• **WHAT IS REQUIRED**: Using the material below, return exactly the lines between the one holding "Umberto Mastroianni 1910, Fontana" and the one holding "Springrytter Karen Møller", inclusive, and no others.

*** RECORDED DATA ***

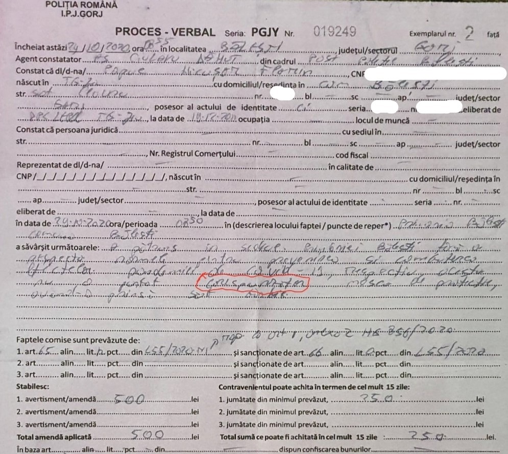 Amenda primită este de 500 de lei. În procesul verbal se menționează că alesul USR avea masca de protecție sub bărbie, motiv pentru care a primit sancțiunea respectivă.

***
*** RECORDED DATA ***

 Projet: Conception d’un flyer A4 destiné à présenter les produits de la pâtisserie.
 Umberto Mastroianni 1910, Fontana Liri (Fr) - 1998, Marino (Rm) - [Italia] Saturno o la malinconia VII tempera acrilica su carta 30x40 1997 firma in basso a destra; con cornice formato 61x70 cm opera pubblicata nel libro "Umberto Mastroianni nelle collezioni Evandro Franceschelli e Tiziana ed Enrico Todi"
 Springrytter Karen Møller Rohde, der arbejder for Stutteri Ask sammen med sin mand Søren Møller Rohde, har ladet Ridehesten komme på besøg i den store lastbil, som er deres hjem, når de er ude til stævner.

***

• **SOLUTION TO THIS EXERCISE**:
 Umberto Mastroianni 1910, Fontana Liri (Fr) - 1998, Marino (Rm) - [Italia] Saturno o la malinconia VII tempera acrilica su carta 30x40 1997 firma in basso a destra; con cornice formato 61x70 cm opera pubblicata nel libro "Umberto Mastroianni nelle collezioni Evandro Franceschelli e Tiziana ed Enrico Todi"
 Springrytter Karen Møller Rohde, der arbejder for Stutteri Ask sammen med sin mand Søren Møller Rohde, har ladet Ridehesten komme på besøg i den store lastbil, som er deres hjem, når de er ude til stævner.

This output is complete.